#### [Saved data entries]
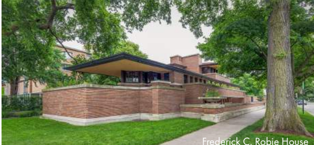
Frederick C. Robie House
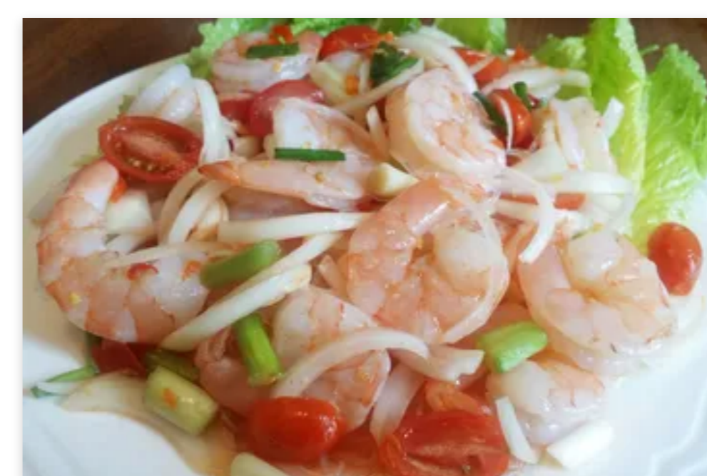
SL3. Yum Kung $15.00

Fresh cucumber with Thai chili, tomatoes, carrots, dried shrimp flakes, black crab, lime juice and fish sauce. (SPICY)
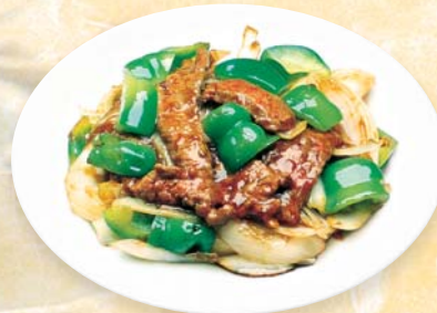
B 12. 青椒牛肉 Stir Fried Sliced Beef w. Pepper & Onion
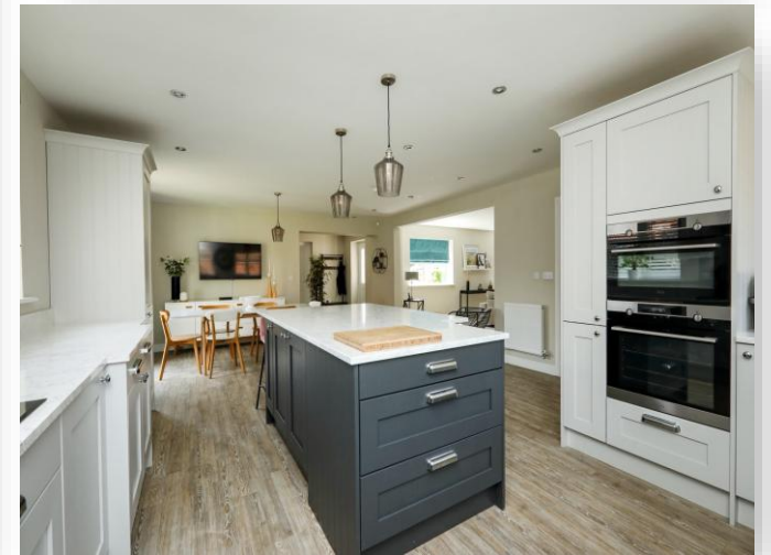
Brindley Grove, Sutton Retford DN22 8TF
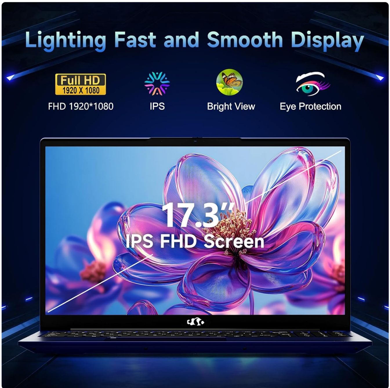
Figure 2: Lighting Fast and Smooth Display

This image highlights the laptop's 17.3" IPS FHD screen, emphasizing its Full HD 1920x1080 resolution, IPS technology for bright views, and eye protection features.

#### [Task]
Give back the records above word for word, minus any image they hold.

#### [Output below]
Frederick C. Robie House
SL3. Yum Kung $15.00

Fresh cucumber with Thai chili, tomatoes, carrots, dried shrimp flakes, black crab, lime juice and fish sauce. (SPICY)
B 12. 青椒牛肉 Stir Fried Sliced Beef w. Pepper & Onion
Brindley Grove, Sutton Retford DN22 8TF
Figure 2: Lighting Fast and Smooth Display

This image highlights the laptop's 17.3" IPS FHD screen, emphasizing its Full HD 1920x1080 resolution, IPS technology for bright views, and eye protection features.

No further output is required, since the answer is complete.